I used to came out with the same sories until travelling in Chile and Peru.
There is a two hour time difference at some points of the year, even though
they are on the same longitude. After a couple of days I didn't notice, and I
realised it's just a number that you are becoming attached to.

------
147
I've become a morning person very recently (past two weeks). The hardest part
for me was waking up earlier. I started researching sleep trackers and decided
they were too expensive. I thought the sleep tracker apps for your phone where
it uses your microphone or accelerometer didn't work.

But, with the app Sleep Cycle being free, I gave it a shot. And it works.
Surprisingly well.

Placebo? Maybe, but I don't care. The point is the past week I've been waking
up from 4:30 to 5:00 AM easily.
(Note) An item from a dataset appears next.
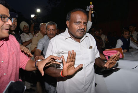 Kumaraswamy, who will be sworn in as chief minister on Wednesday for the second time in 12 years, had a busy Monday in the national capital, meeting Bahujan Samaj Party chief Mayawati, and Congress leaders Sonia Gandhi and her son Rahul, the party's president.

Before with my usual double alarm setup of
apple watch on table across from room and phone on night stand, I'd wake up at
5:30 AM, turn off the phone alarm and walk to my apple watch and turn it off.
Then promptly went back to bed because I was groggy. This doesn't happen to me
with the Sleep Cycle app.

Some people in this thread are saying you don't actually get extra hours
because you end up sleeping earlier. While that's true, I've found that I am
much more productive before my work day and can get my side tasks/work out of
the way. Normally, after work, I can't get anything done due to being tired
and constant distractions. Now, I get things done before work and still manage
to accomplish nothing after work. A net gain of a few hours.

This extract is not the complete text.